0

Is there a way to implement dimension reduction using pyspark? I have a dataframe and loaded into pyspark.

FILENAME = "test.csv"
spark = SparkSession.builder.appName('Test')  \
    .getOrCreate()

spark_df = spark.read.csv(FILENAME, header=True)
# Load the embeddings from the spark_df
embedded_df_columns = spark_df.columns[5:]
embedded_df = spark_df.select(embedded_df_columns)

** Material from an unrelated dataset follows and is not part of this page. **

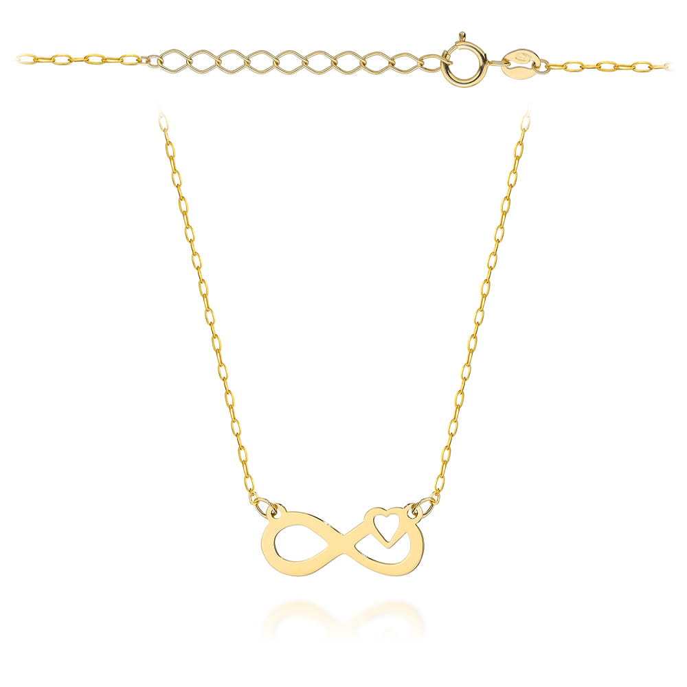 Naszyjnik złoty znak nieskończoności z serduszkiem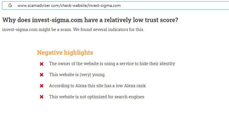 Проверка Invest Sigma на сайте scamadviser com показала, что у данного сайта низкий рейтинг, а также выявлено множество отрицательных моментов в работе сервера.

I dont seem to find the right pyspark.ml.features for tsne. All I get was for pca. Can anyone help please

  • If pyspark is not a hard requirement, it may be worthwhile trying cuml, which has a t-SNE implementation. It’s optimized for GPU and, depending on your dataset, compute resources, and use case, could offer exactly what you need. – Yang Wu Jan 17 '23 at 12:45
  • In my experience, I've found myself memory-constrained when trying to scale TSNE. Whether the original poster was interested in using Spark because they were CPU-limited or memory-limited will determine whether GPU acceleration is what they need. I tend to find that when using larger and larger datasets, I need to up the perplexity to get comparably good results, so your memory requirement scales worse than linearly with data size. I came across this thread precisely because I'm searching for a Spark implementation or some other solution to my memory problem. – gazza89 Mar 30 '23 at 12:48

0 Answers0